Prompt: Give the data again exactly, without its images.

Recorded information:

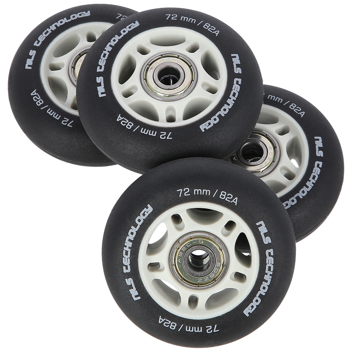 Kółka PU CZARNE MATOWE NILS EXTREME są wykonane z poliuretanu. Najważniejszymi parametrami kółek są twardość oraz średnica. Twardość kółek decyduje zarówno o komforcie jazdy jak i o przyczepności do podłoża. Kółka PU-82A zapewniają dobrą amortyzację oraz doskonałą adaptację do każdej nawierzchni. Średnica kółek ma bezpośredni wpływ na szybkość jazdy. Kółka o większej średnicy umożliwiają osiąganie większych prędkości, jednak nie gwarantują tak dużej manewrowości jak kółka o mniejszej średnicy. Łożysko ABEC 9, wykonane z wysokiej jakości stali węglowej, które zapewnia doskonałą twardość i wytrzymałość. Charakteryzuje się najniższym oporem toczenia co przekłada się na największą prędkość w amerykańskiej normie Annular Bearing Engineering Committee w skrócie ABEC. Istotnym parametrem tego łożyska jest mimośrodowość czyli okrągłość na torze w pierścieniu wewnętrznym i wynosi zaledwie 0,0012mm.
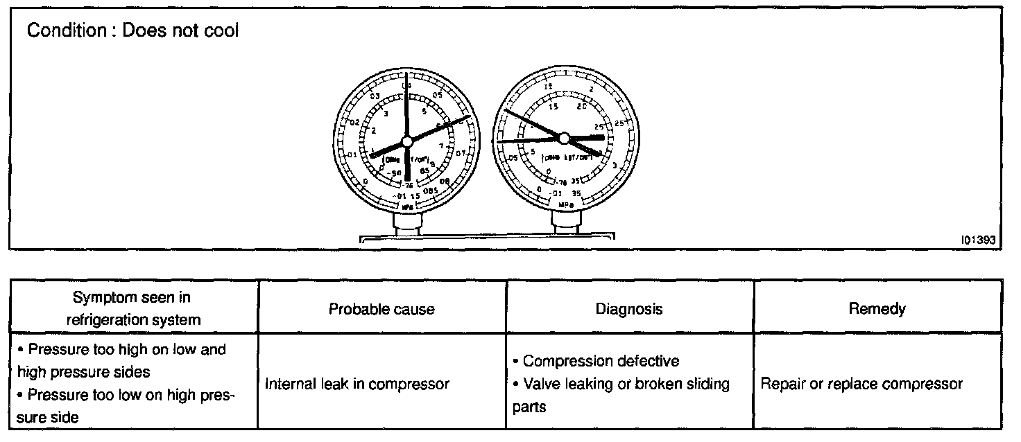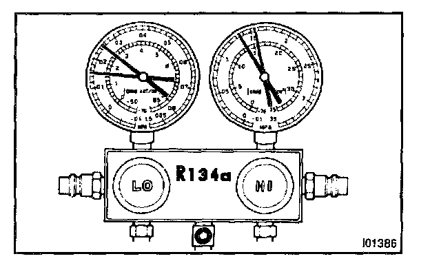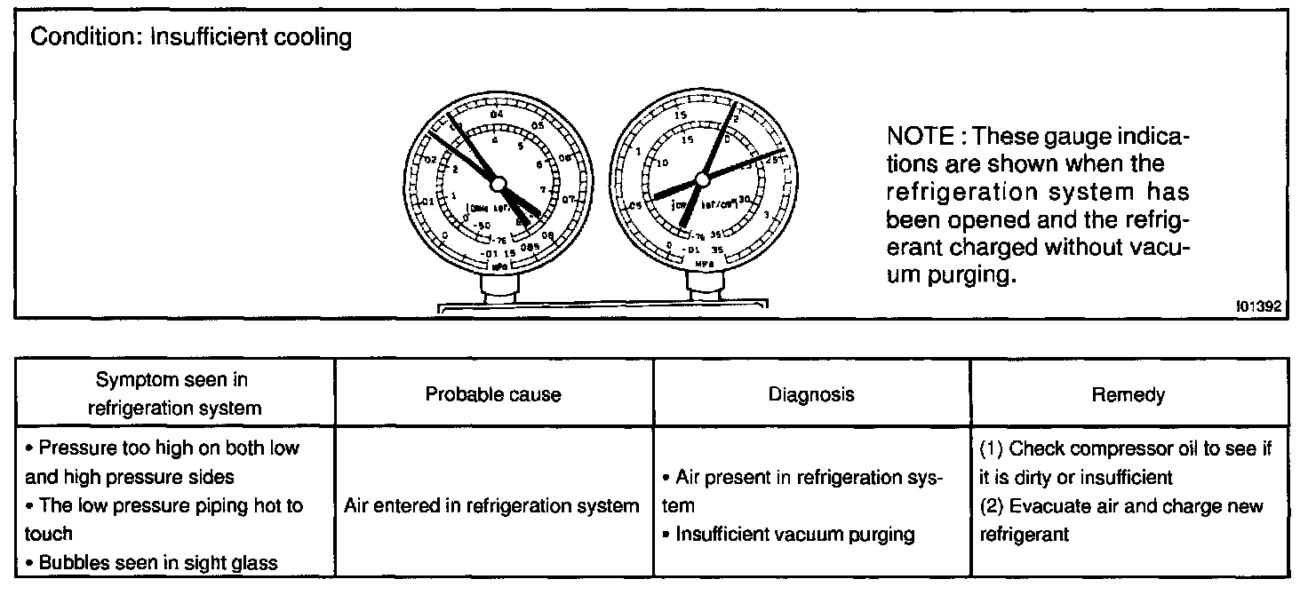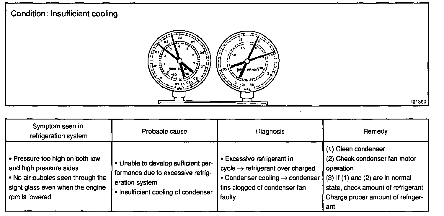This is a method in which the trouble is located by using a manifold gauge set. Read the manifold gauge pressure when these conditions are established.
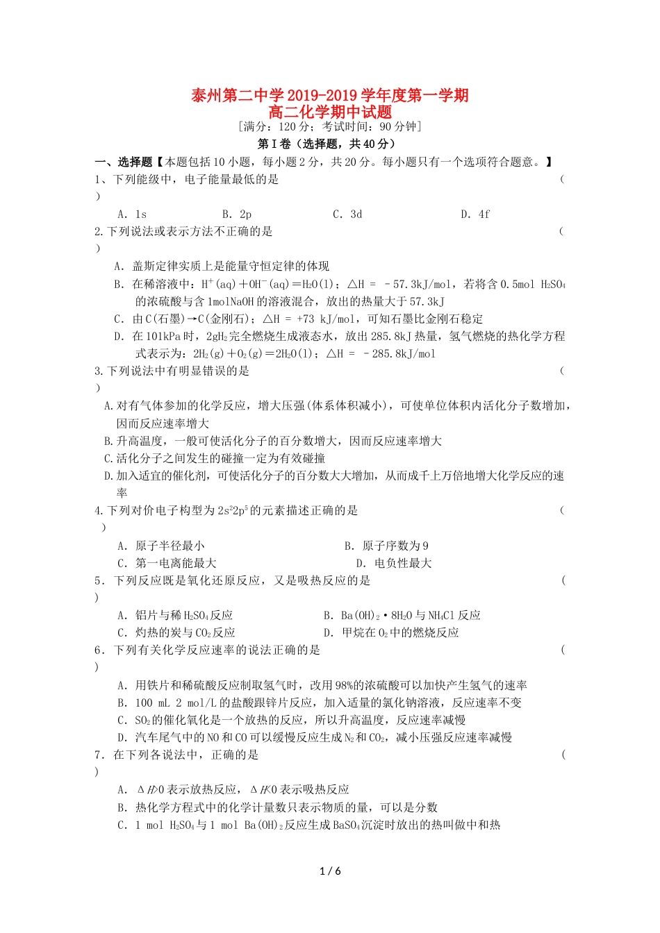 泰州第二中学2019-2019学年度第一学期高二化学期中试题[满分:120分;考试时间:90分钟]第I卷(选择题,共40分)一、选择题【本题包括10小...
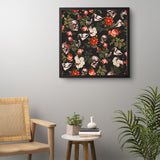 Burcu Korkmazyurek Floral and Skull Pattern Framed Wall Art

Response:
 Kółka PU CZARNE MATOWE NILS EXTREME są wykonane z poliuretanu. Najważniejszymi parametrami kółek są twardość oraz średnica. Twardość kółek decyduje zarówno o komforcie jazdy jak i o przyczepności do podłoża. Kółka PU-82A zapewniają dobrą amortyzację oraz doskonałą adaptację do każdej nawierzchni. Średnica kółek ma bezpośredni wpływ na szybkość jazdy. Kółka o większej średnicy umożliwiają osiąganie większych prędkości, jednak nie gwarantują tak dużej manewrowości jak kółka o mniejszej średnicy. Łożysko ABEC 9, wykonane z wysokiej jakości stali węglowej, które zapewnia doskonałą twardość i wytrzymałość. Charakteryzuje się najniższym oporem toczenia co przekłada się na największą prędkość w amerykańskiej normie Annular Bearing Engineering Committee w skrócie ABEC. Istotnym parametrem tego łożyska jest mimośrodowość czyli okrągłość na torze w pierścieniu wewnętrznym i wynosi zaledwie 0,0012mm.
This is a method in which the trouble is located by using a manifold gauge set. Read the manifold gauge pressure when these conditions are established.
 泰州第二中学2019-2019学年度第一学期高二化学期中试题[满分:120分;考试时间:90分钟]第I卷(选择题,共40分)一、选择题【本题包括10小...
 Burcu Korkmazyurek Floral and Skull Pattern Framed Wall Art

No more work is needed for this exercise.